Diane von Furstenberg has often said that she owes her own freedom and independence to the wrap dress, which made her a household name 40 years ago, and she’s positioned philanthropy — particularly women’s empowerment — among her top passions ever since.
“I think she feels as though she is a woman who has made it beyond what her wildest dreams were,” said Alyse Nelson, president and chief executive officer of Vital Voices, the Washington, D.C.-based non-governmental organization that trains and empowers emerging female leaders around the world. Von Furstenberg has been a board member of Vital Voices since the early Aughts, when she started donating a percentage of sales from her store on International Women’s Day to the organization — and still does.
“She looks around and she wants to give back,” Nelson continued. “But she doesn’t just want to write a check. She wants to get personally involved in women’s lives.”
In 1999, von Furstenberg founded the Diller-von Furstenberg Family Foundation with her husband, Barry Diller, and her children from her first marriage to Egon von Furstenberg, Alexander and Tatiana. The private foundation provides philanthropic support to nonprofit groups in arts, education, human rights and the environment. “All of us have different causes — mine tend to be around women and girls,” von Furstenberg said.

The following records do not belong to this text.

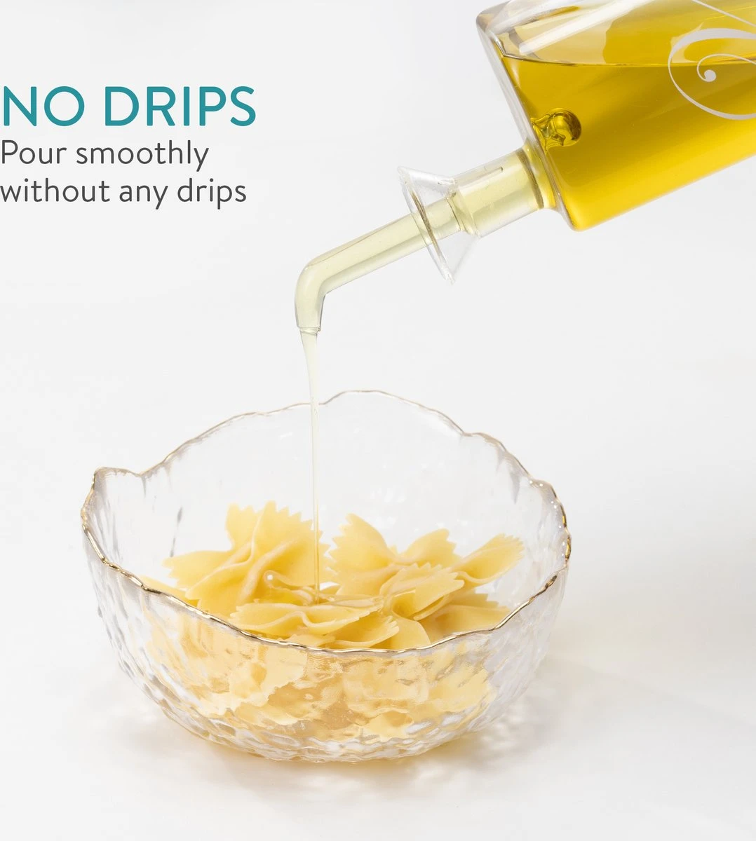 - MET SCHENKTUIT: Dankzij de handige schenktuit hoef je je geen zorgen te maken over gemors tijdens een lekker diner. Je kan de azijn of olie elegant en in een handige dosis uitschenken.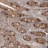 Immunohistochemical staining of human duodenum shows moderate granular cytoplasmic positivity in glandular cells.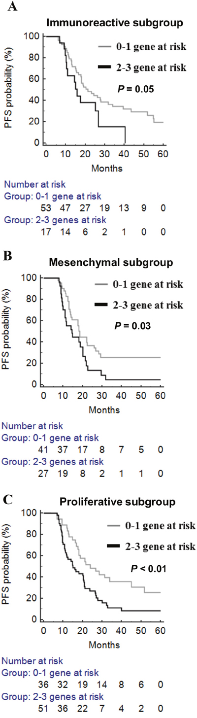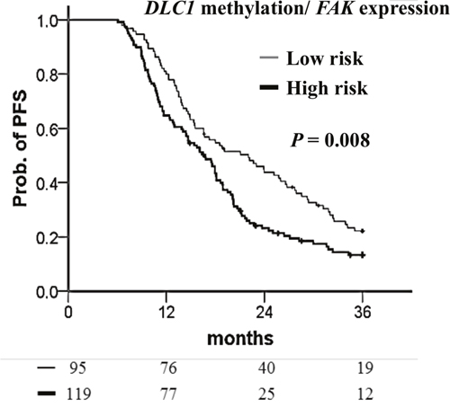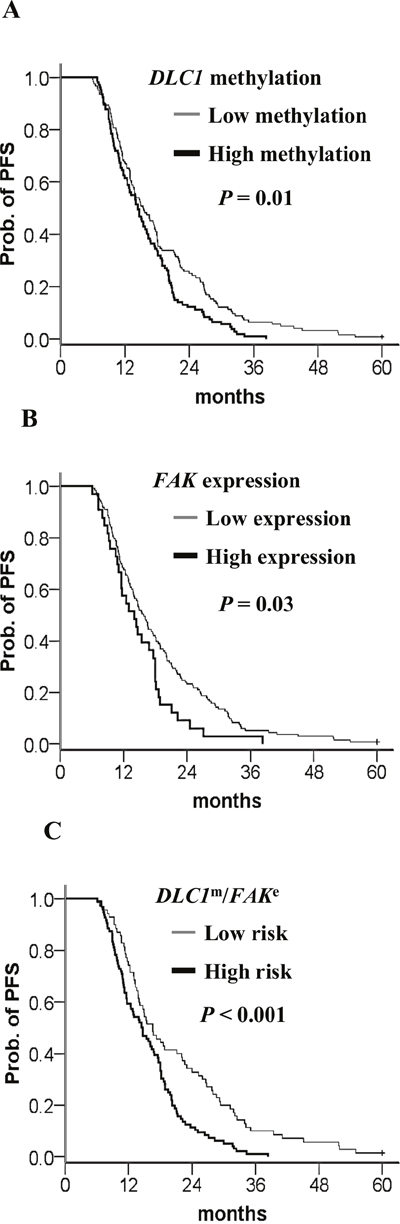 Figure 7: Kaplan–Meier curves of the risk groups in TCGA ovarian cancer patients with suboptimal debulking and the probability of PFS predicted by the DLC1 methylation status, FAK expression status, and combined signatures. PFS stratified by (A) DLC1 methylation status. Straight line: low methylation; bold line: high methylation. (B) FAK expression status. Straight line: low expression; bold line: high methylation. (C) DLC1 methylation and FAK expression signature. Straight line: low-risk; bold line: high-risk. Low risk means DLC1 low methylation and FAK low expression. The high-risk group included any combination of DLC1 methylation with FAK expression other than the low-risk group. P values were calculated using a log-rank test.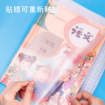 得力(deli)16K/10页透明磨砂自粘包书皮包书膜带切角 附带姓名贴装开学文具/VM403生日礼物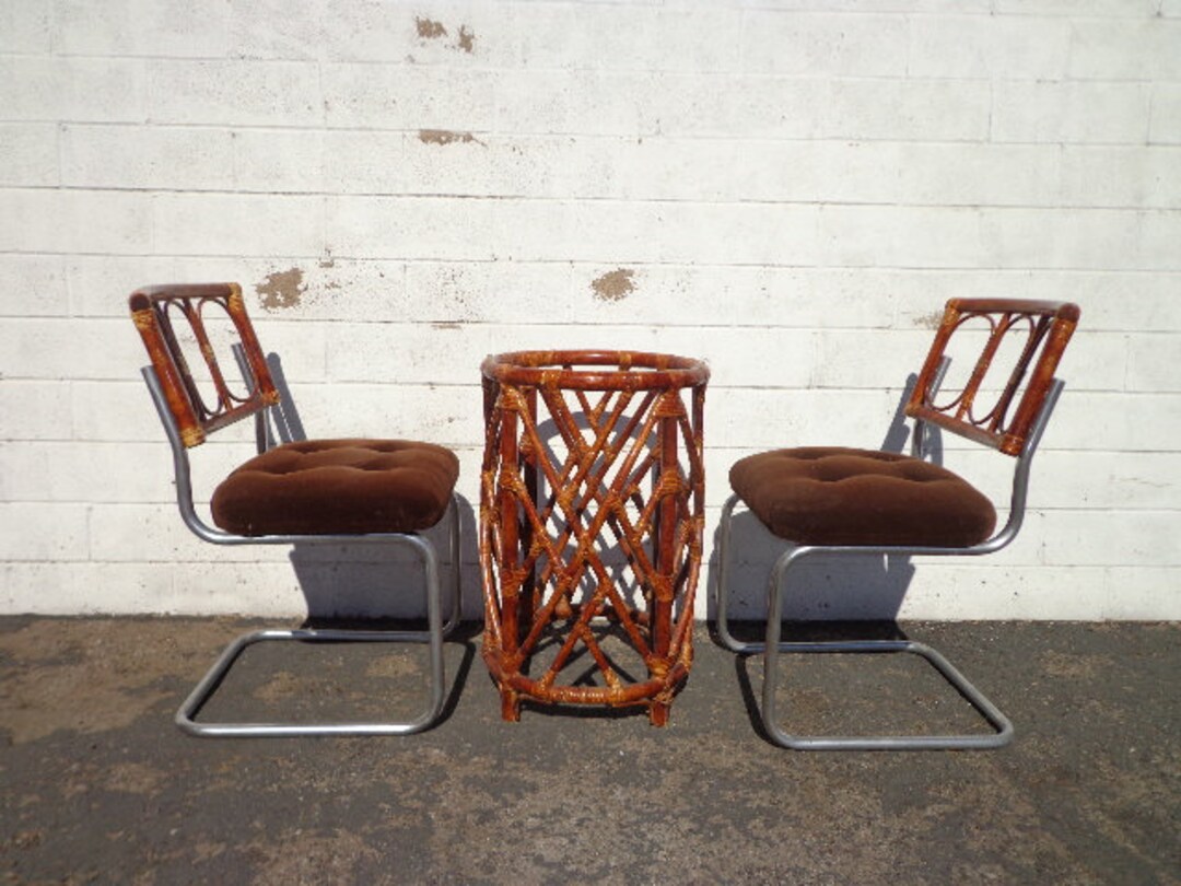 3pc Vintage Rattan Dining Set Boho Chic Wood Table Base 2 Etsy De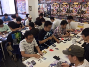 日本の中心に位置する名古屋は、今回のシリーズでも2回大会が開かれ、クロスウォー聖地と言ってもいいくらいの盛り上がりを見せている地域。6弾環境の最終仕上げとなるであろうこの大会の決勝に挑むのは、速攻緑単デッキ使いの「ヒロキ」さんと、黄色のソレスタルビーイングを中心に、黒のカードを組み込んだユニット回復デッキ使いの「マスダ」さん。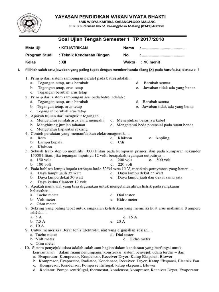 Soal Dan Jawaban Teknik Kendaraan Ringan Bali Teacher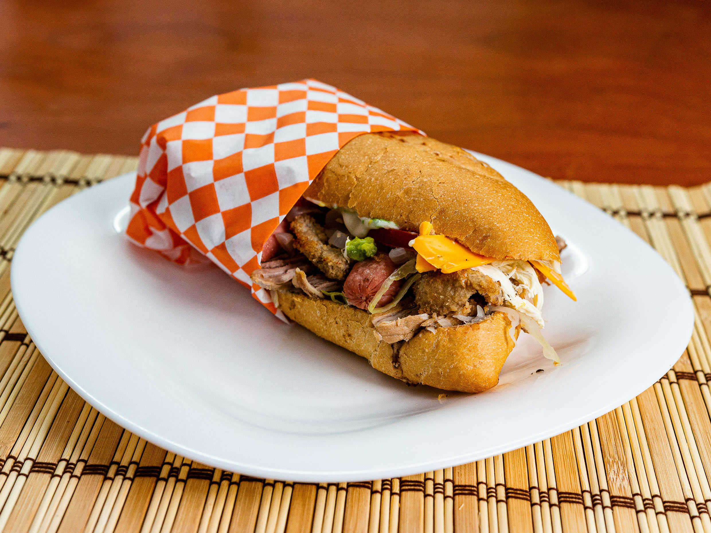 PIERNA DE CERDO, MILANESA EMPANIZADA, SALCHICHA, JAMON, QUESO HEBRA, AMARILLO, FRIJOLES, MAYONESA, CEBOLLA PREPARADA, COL PREPARADA, TOMATE, AGUACATE, CHIPOTLE DULCE.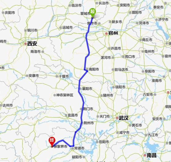 左右,沿途經過晉城——焦作——南陽——襄陽——荊門——荊州——常德(也可以走國道經澧縣、石門縣)——慈利——張家界。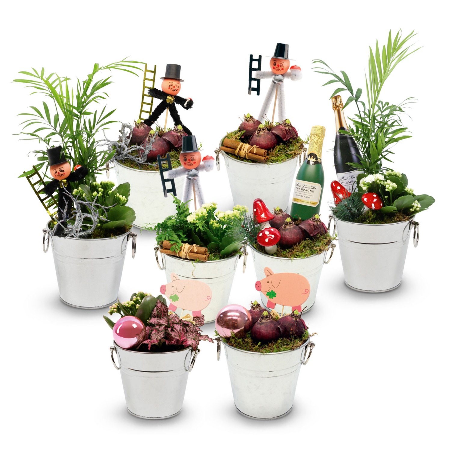 Ø Gefäß: ca. 15 cm, Höhe: ca. 20-35 cm (je nach Modell) bepflanzt mit einer Blüh- und einer Grünpflanze, inkl. Silvesterdeko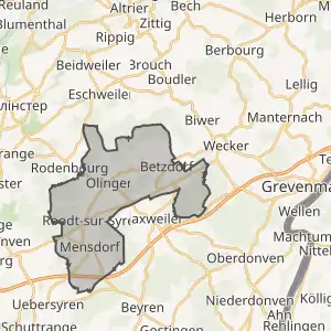 ![]() Комуна Бецдорф (помаранчевий), кантон Гревенмахер (темно-червоний) та округ Гревенмахер (темно-сірий) на карті Люксембургу | ||||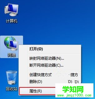 然后選中桌面上的“網絡”按鼠標右鍵選擇“屬性”。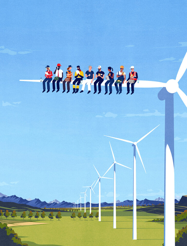 Illustration for the cover of The University of Chicago Booth School of Business magazine about the future of middle class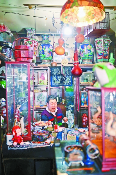 2003年,下海后的孟东明经营的小饭馆停业了,他逐渐成为了一名专业的收藏家。最初在城南旧货市场开设小店,2008年离开那里,来到了廊房二条。他说那天下午他在小胡同里寻摸门脸,遇上了房东,俩人一聊,相见恨晚。于是,他将自己的小店搬到了这里。随着廊房二条改造的进程,他的小店与旁边的正阳书局,还有不远处的“爆肚冯”,算是廊房二条难得保留的京味儿店铺。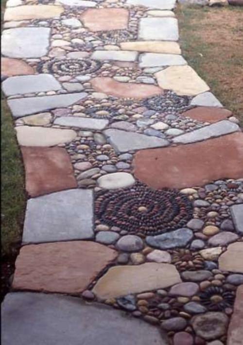 У нас на даче выложены дорожки из больших булыжников, а именно плитняка, который мы натаскали сами с ближайшей речки. Но со временем дорожки расползлись и немного потеряли вид. Почва, в которую они вкопаны — земля. Сверху дорожка засыпана песком. Когда будем переделывать, хочется сделать надежно на века. Как это посоветуете сделать? Залить все бетоном не вариант, это некрасиво.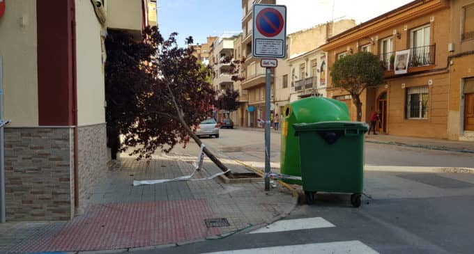 El viernes 19 de abril, el consorcio de Bomberos se empleó a fondo debido a los numerosos avisos recibidos por caída de árboles en la vía pública a las fuertes rachas de viento y agua. La fuerza del aire tiró un pino ubicado en la rotonda de la avenida Constitución intersección con la avenida La Paz, también tumbó un pruno en las calles Navarro Santafé y en San Francisco. El parque de la plaza de El Rollo se vio afectado con la caída de uno de los árboles ubicados en este jardín. Por otro lado, se cortó la carretera de Pinoso a la altura de la Boquera por riesgo a que se desbordarse la rambla que cruza esta zona.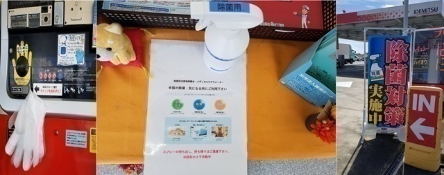 敷地内全て皆様が触れる箇所はこまめに除菌をし給油所には手袋も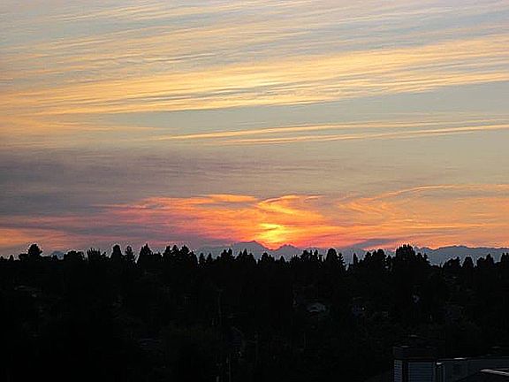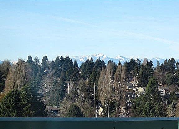 Stylish top floor corner unit with vaulted ceiling & lots of natural light. Expansive West facing view to Olympic Mtns. Open floor plan with private deck off living room & cozy gas FP with fan. Spacious kitchen & dining room. Upgraded doors, recessed LED lighting, granite & quartz counters & Hunter Douglas blinds. Full size laundry room, large storage & 2 pkg spaces in garage. "Very Walkable" location next to shopping, groceries, parks & restaurants. EZ freeway access & short commute to downtown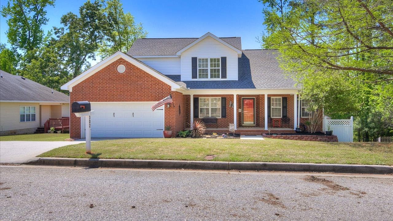 See the Property Website! :: Jessica Moon – The Frontgate Group at Summer House Realty – 706-799-9448 :: 4 bed, 2.5 bath, brick house with everything you’ve been searching for in a home! Spend your mornings sipping coffee on your rocking chair front porch and your evenings relaxing or entertaining on your two-level deck. Inside you’ll find a fully, freshly painted interior, as a blank canvas to create your dream home. Foyer opens to your formal dining room with wainscot paneling and updated light fixture. Great room features vaulted ceiling with gas fireplace and open stairway to the 2nd story. The kitchen includes stone, tile backsplash, updated stainless steel appliances and opens into an eat-in dining space. The owner’s suite is on the main level, and includes french doors into your ensuite with large closet, garden tub and tiled shower. The three remaining bedrooms upstairs all have new carpet, and one highlights pallet-wood accent wall. Attic storage off the guest bedroom.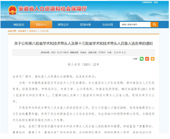 近日,安徽省人社厅发布《关于公布第八批省学术和技术带头人及第十三批省学术和技术带头人后备人选名单的通知》(皖人社秘〔2021〕139号)。公司何伟教授、王昌建教授成功入选第八批安徽省学术和技术带头人。此次评审经基层推荐、各行业主管部门初评、专家评审,并经厅长办公会研究同意,第八批省学术和技术带头人人选120名,第十三批省学术和技术带头人后备人选120名。
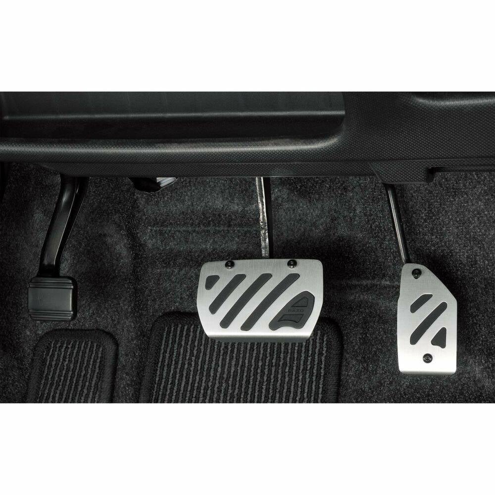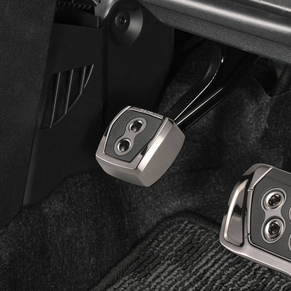 Specially designed to match the factory pedals, the mounting hardware has been greatly reduced for easy and snug fitted installation. Highly rigid aluminum alloy pedals with hairline and anodized finish. The brake pedal is made of convex rubber for a high anti-slip effect. Since the accelerator pedal is a suspended type, it requires a certain amount of slippage on the back side of the shoe and the surface of the pedal, the rubber and aluminum have been designed to be uneven so that there is no snagging when you step on the accelerator.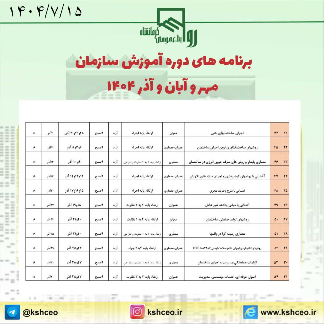 برنامه های دوره آموزش سازمان مهر و آبان و آذر ۱۴۰۴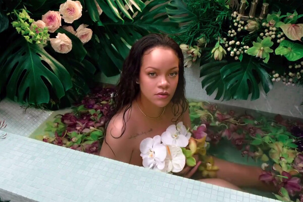 Рианна приняла участие в съемках рекламы геля для душа собственного бренда Fenty. В ролике поп-исполнительница сидела в ванне, украшенной цветами. Бизнесвумен прикрывала тело орхидеями. Певица позировала в серьгах и золотом ожерелье. Знаменитость была запечатлена с мокрыми распущенными волосами и без косметики.
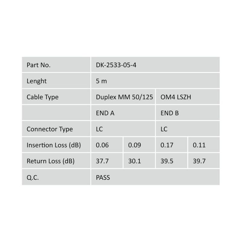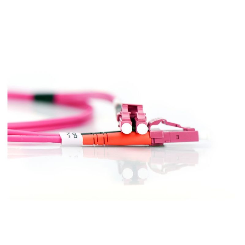 Especificaciones Peso y dimensiones Diámetro de cable 3 mm Características Conector 1 LC Conector 2 LC Bidireccional completo (Full duplex) Si Color del cable Rosa Diámetro de núcleo 50 µm Diámetro de la cubierta 125 µm Estructura de modo de fibra Multimodo Género del conector Macho/Macho Longitud de cable 5 m Material de chaqueta Libre de halógenos (LSZH)
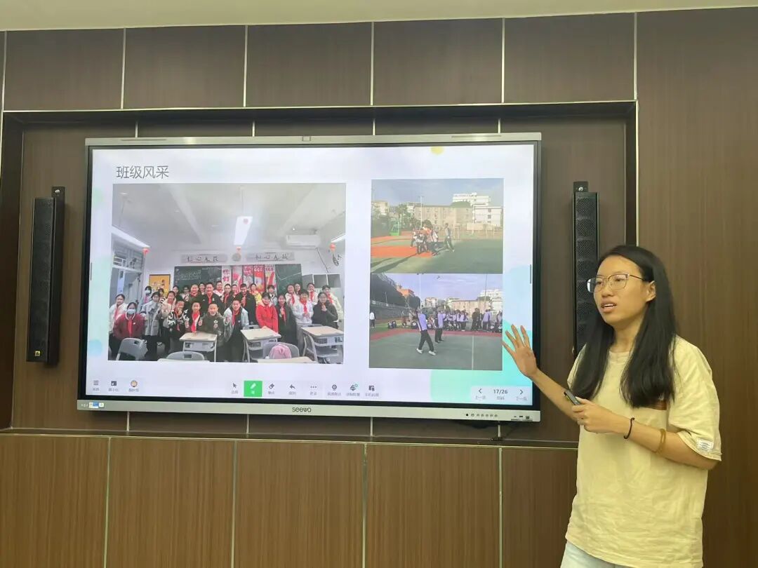 班主任代表念雨薇老师通过展示班级活动照片、学生成长记录等材料,全方位呈现了班级管理的成果。同时,念老师也坦诚地提出了当前班级管理中存在的问题,并从班级管理优化、教学质量提升、学生稳定发展三方面规划了后续工作。她强调,要进一步加强家校协同合作,定期与家长沟通学生的学习和生活情况,形成家校教育合力;注重班级管理的细节,关注每一位学生的情绪变化和心理需求,及时给予关心和帮助;组织多样化的班级活动,增强班级的凝聚力和向心力,营造良好的学习氛围。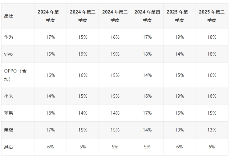 CounterPoint 報(bào)告 2025Q2 中國(guó)手機(jī)出貨量:華為、vivo 均占 18%、OPPO、小米均占 16%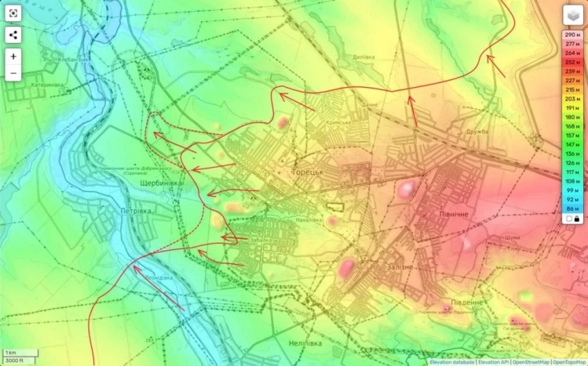 На Торецком направлении вчера кадры объективного контроля подтвердили выход наших передовых частей северо-западнее Торецка (вдоль дороги на Иванополье).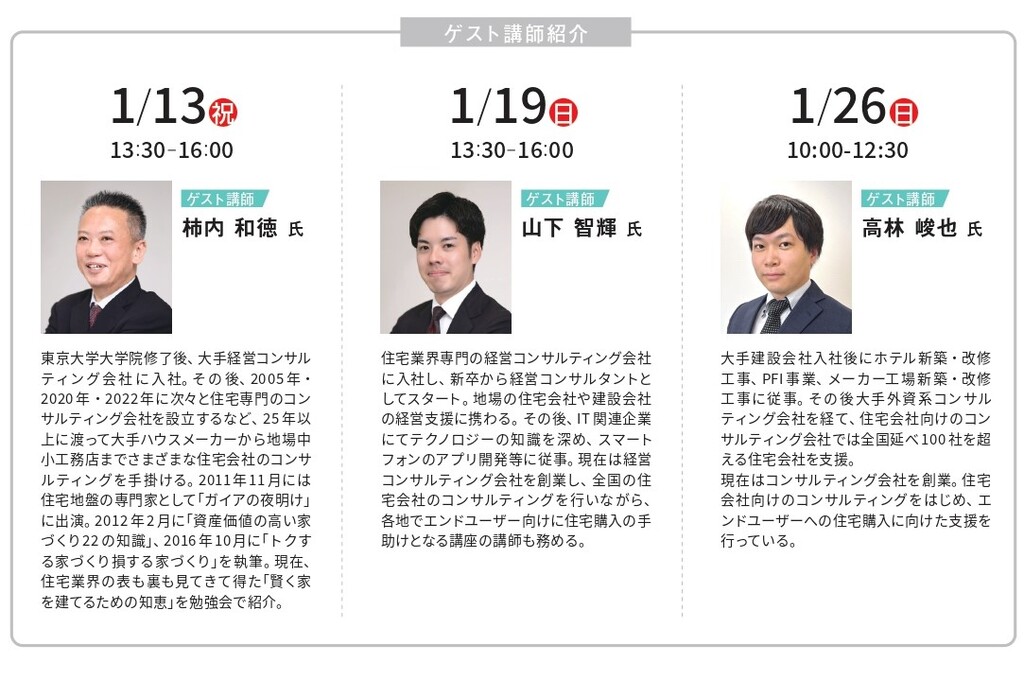 住宅の専門家として「良い住宅会社の選び方」を中立的な立場で解説するゲスト講師と、

One of the events the Diller-von Furstenberg Family Foundation underwrites is the annual DVF Awards, which heighten exposure to individuals who work on women’s causes and provides grants of $50,000 to further their efforts. The event saw its fifth installment last April, honoring Alicia Keys, Gloria Steinem and three others — two of whom were chosen from the Vital Voices global network of women. Past honorees include Hillary Rodham Clinton, Oprah Winfrey, Elizabeth Smart and Natalia Vodianova.
“There are so many women doing amazing things, so it is very difficult to narrow the field [to five women each year],” von Furstenberg said.
Many of the chosen women, like Sunitha Krishnan, activist and cofounder of Prajwala who was honored in 2013, are former victims of sex trafficking and abuse, violence or other hardships.
“She turns them into survivors,” said Nelson. “One of the things [Diane] says that I love is that she’s never met a woman who isn’t strong. Sometimes that strength is being pushed down [if a woman] is in an abusive relationship or difficult financial situation, but when that strength is tested, it comes out.”
Beyond her work with women’s organizations, von Furstenberg has been involved in several charity initiatives in her role as president of the CFDA since 2009: most notably Fashion for Haiti, Fashion for Sandy, Fashion Targets Breast Cancer, Seventh on Sale benefitting AIDS and HIV research and the organization’s health initiative for models.
“She’s always present and involved in those programs, but really what she’s demonstrated since she’s been president is the organization’s response to disasters,” Steven Kolb, ceo of the CFDA, explained. “When [the earthquake] in Haiti happened, that very morning Diane immediately said, ‘What are we doing as an organization?’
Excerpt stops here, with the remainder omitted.